Es reicht nicht, eben mal etwas Lack draufzusprühen
Kleiner Kratzer, grosser Aufwand
Zuweilen ist es nicht einfach, einem Kunden oder einer zahlungspflichtigen Versicherung beizubringen, dass wegen eines Kratzers in der Tür die ganze Wagenseite lackiert werden muss, um ein perfektes Resultat zu erhalten. Ein solches Vorgehen hat aber bestimmte Gründe. Insbesondere Effektlackierungen verlangen dem Autolackierer einiges ab, damit das Auto wieder genau so aussieht, wie vor dem Schaden. Zudem lassen sich komplexe, computergesteuerten Serienlackiermethoden der Automobilwerke in der Werkstatt nicht ohne Weiteres 1:1 übertragen.
Ein BEispiel aus der Praxis
Ein Kunde bringt uns einen in Perlglanz-Weiss Metallic lackierten Subaru STI WRX mit einem Kratzer in der linken Hintertür. Diese Lackierung ist in drei Schichten aufgebaut: Farbton, Perleffekt, Klarlack. Dabei ist die Schicht mit dem Perleffekt nicht voll deckend, eher eine Lasur. Deshalb war ein Beilackieren nur der angrenzenden Teile nicht möglich. Die Schicht mit dem Perleffekt wäre sonst zu deckend geworden und hätte optisch einen anderen Farbton ergeben.
Die Schattenseiten des Lichts
Für ein einheitliches Ergebnis ist in so einem Fall wegen der Lichtreflexion sogar eine Reparaturlackierung aller gleich stehenden Teile nötig. Mit „gleich stehend“ sind alle senkrecht stehenden Teile gemeint. Folglich musste die ganze linke Seite – Kotflügel vorne, beide Türen, Schweller, Seitenwand und Dachrahmen – neu lackiert werden. Der Grund ist der Lichteinfall, der auf alle senkrecht stehenden Teile immer gleich ist. Dadurch erscheint der Farbton dieser Teile optisch auch identisch (sofern er es wirklich ist). Die kleinste Farbdifferenz würde ins Auge springen.
Anders verhält es sich mit ungleich zueinander stehenden Karosserieteilen wie Motorhaube und Kotflügel. Bei gleichzeitiger Betrachtung wird der Farbton dieser Bauteile immer unterschiedlich wahrgenommen. Dies, weil der Lichteinfall auf diese Oberflächen anders ist.

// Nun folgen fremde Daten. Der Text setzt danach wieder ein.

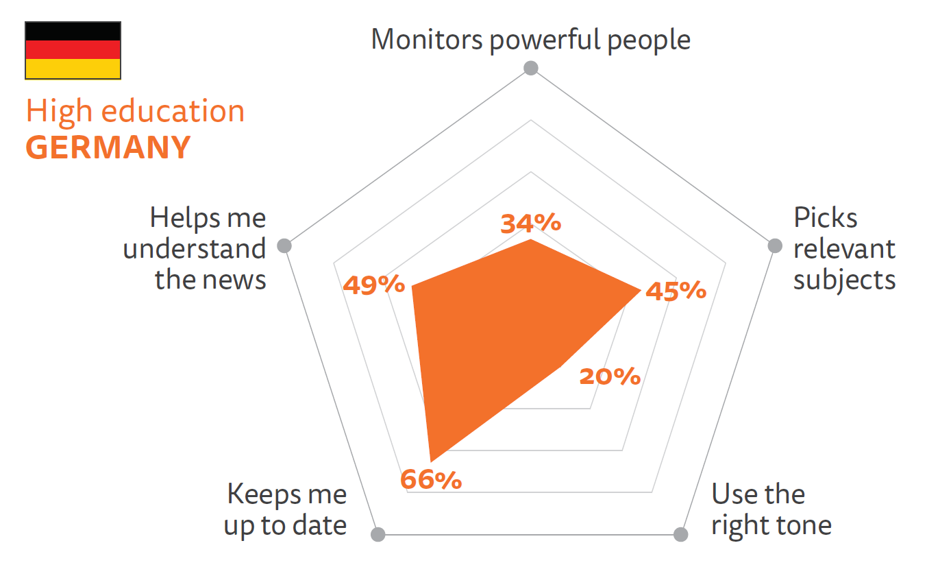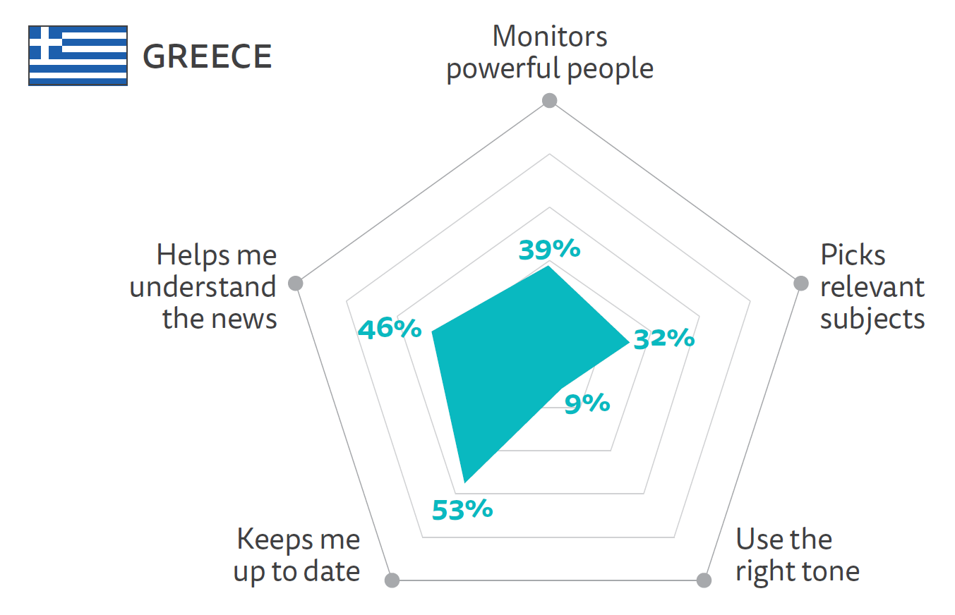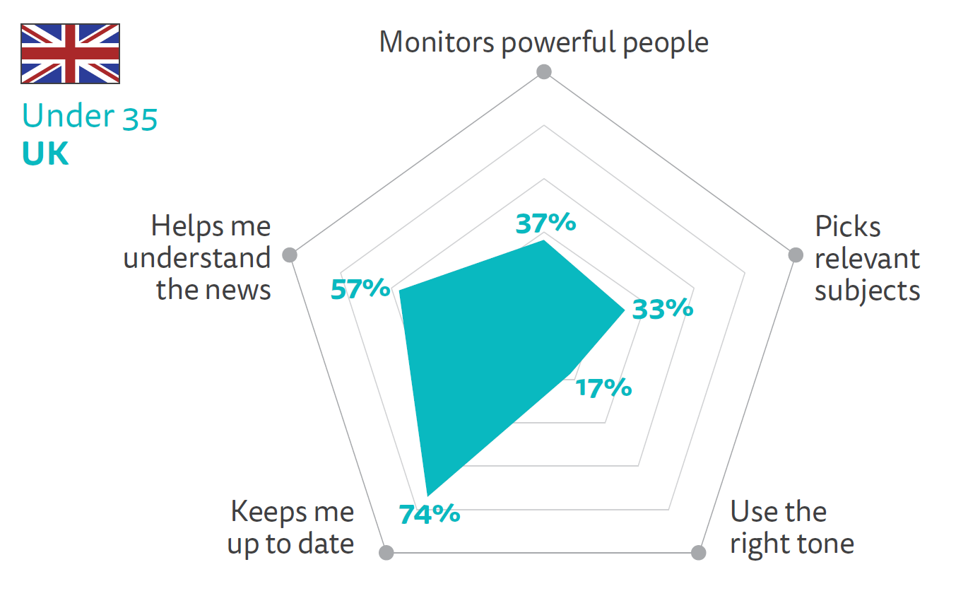 In the Executive Summary we saw that, across all countries, most people agree that the news media keep them up to date with what’s happening (62%), and that they help them understand current events (51%). But we should keep in mind that there is a significant minority (10–15%) that completely disagree that the news media help them in this regard – and perhaps equally concerning, around one-third who neither agree nor disagree.
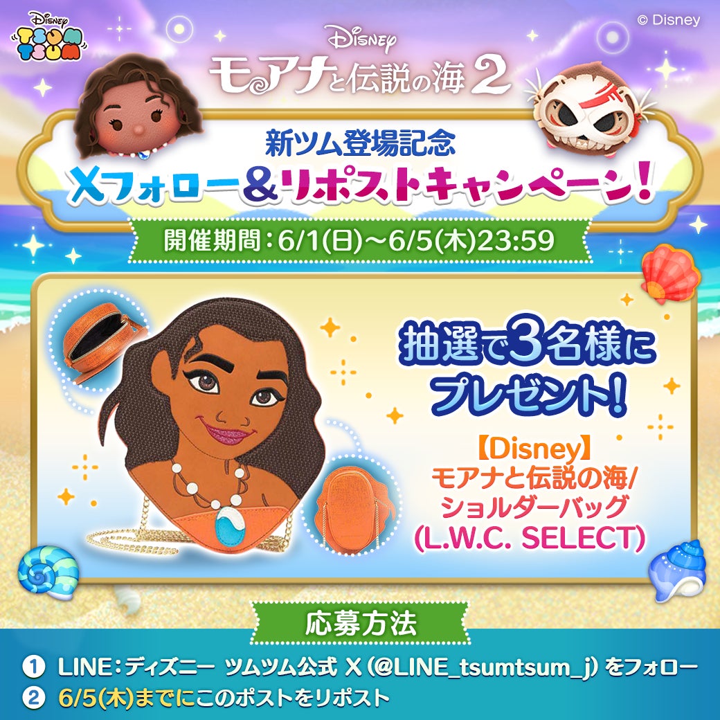 『モアナと伝説の海』の新ツム登場を記念して、『LINE:ディズニー ツムツム』公式 Xアカウントにて、抽選で3名様に「【Disney】モアナと伝説の海/ショルダーバッグ(L.W.C.SELECT)」が当たるX(旧Twitter)フォロー&リポストキャンペーンを実施中です。

Es gibt andere Umstände als komplexe Effektlackierungen, die dem Autolackierer bei einer Reparaturlackierung einiges abverlangen. Und auch die führen dazu, dass nach einem Schaden mehr als nur das zu reparierende Karosserieteil lackiert werden muss:
Aus ökonomischen Gründen wird der Farbauftrag in den Automobilwerken minimiert. Oft wird bereits die Grundierung in der Basisfarbe eingefärbt, damit der Farbton gar nicht mehr zu 100 Prozent deckend ausgeführt werden muss. Das erschwert die Reparaturlackierung, da Reparaturlacke so pigmentiert sind, dass sie stark deckend wirken.
Ebenfalls um Material zu sparen, wenden Autohersteller im Werk Lackiermethoden an, die in der Werkstatt nicht simuliert werden können. Dabei wirkt sich die Methode des Farbauftrages auch auf die optische Wahrnehmung des Farbtones aus. Dies gilt ganz speziell für Lacke mit Effekt-Pigment-Beimischung (Metallic, Perlglanz, Xirallic)
Fazit: Ein erfahrener Autolackierer kann jede Serienlackierung reparieren. Aber manchmal ist es aufgrund der Gegebenheiten ungleich aufwändiger, um zu einem perfekten Ergebnis zu gelangen.